A ce qui concerne l’expérience congolaise sur l’application de la constitution, il y a lieu de relever l’existence d’un décalage manifeste entre les textes juridiques et les réalités factuelles de la vie politique en République démocratique du Congo. Voilà pourquoi au fil des années, certaines dispositions de la constitution du 18 Février 2006 ont perdu la force obligatoire sur les institutions, les acteurs et les domaines pour lesquels elles sont établies. Sans être révisées ou abrogées, elles tombent en désuétudes les unes après les autres dans un rythme soutenu et des conséquences fâcheuses sur le fonctionnement de l’Etat.
En clair, tout indique que l’ordre constitutionnel établi en République Démocratique du Congo traduit un contraste remarquable entre les textes juridiques et les réalités sociologiques du pays, ce qui explique en grande partie l’inapplication progressive de certaines dispositions constitutionnelles en vigueur.
Conclusion et suggestions
En définitive, la réflexion sur la désuétude de la Constitution du 18 février 2006 nous a permis de mettre en exergue la vulnérabilité et la volatilité de l’ordre constitutionnel en République Démocratique du Congo dans la mesure où l’expérience congolaise durant la troisième République nous renseigne énormément sur la distorsion qui existe entre les textes juridiques et la pratique constitutionnelle.
Dans cette réflexion, l’objectif était de nous appuyer sur certains cas probants liés à l’inapplication de certaines dispositions constitutionnelles afin d’éclairer la lanterne des congolais sur les raisons fondamentales du caractère irréversible de la réforme constitutionnelle en République Démocratique du Congo.
Il est vrai que toute société humaine organisée est soumise à une Constitution pour régir ses affaires publiques.

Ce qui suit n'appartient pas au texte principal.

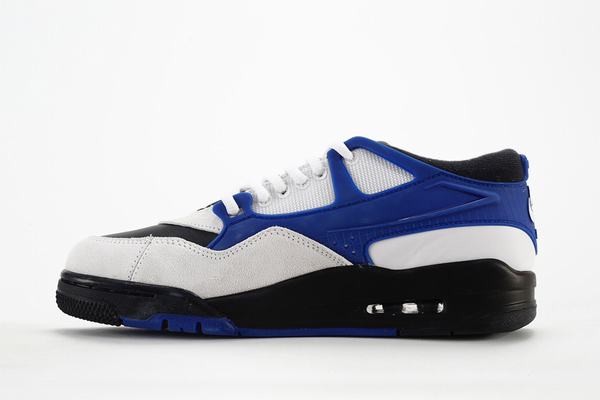 The shoe’s visual impact is undeniable. Featuring a white suede and mesh upper, it establishes a clean and minimalist aesthetic. The black leather toe cap, along with the inner collar lining and midsole, contribute to a sense of stability and elegance. The striking “deep Royal blue” accents provide the perfect contrast, featured on the shoe’s side cage-like structure and the main portion of the outsole, creating a bold and fashionable statement. The Jumpman logo on the tongue and sole is subtle yet refined, while the Nike Air logo on the heel is understated, reinforcing the brand’s identity.

Mais au départ du droit en général et du droit constitutionnel en particulier, il y a des valeurs, des dogmes, des mythes qui constituent des spécificités sociologiques sans lesquelles les règles juridiques seraient étrangères à la société pour laquelle elles sont établies.
Voilà pourquoi, estime Dominique Rousseau, autant de constitutions, autant d’exemples, des récits qui racontent l’histoire des hommes, qui donnent un sens à leur vie individuelle et collective et répondent à leurs interrogations existentielles…
Au regard de ce qui précède, il est évident que la désuétude de la constitution du 18 février 2006 est inévitable et sa réforme irréversible. Et le processus rédactionnel qui doit s’en suivre doit traduire une symbiose entre le droit constitutionnel et les spécificités sociologiques inhérentes à la société congolaise.
Il serait imprudent de reformer la constitution du 18 février 2006 sans envisager des facteurs correctifs. Pour ce faire, il faut une meilleure relecture de l’histoire constitutionnelle de la République Démocratique du Congo d’une part, et un diagnostic rigoureux des processus rédactionnels des constitutions antérieures d’autre part, afin d’éviter au pays de tares que l’on reproche à la constitution actuelle et surtout le risque d’une embolie institutionnelle.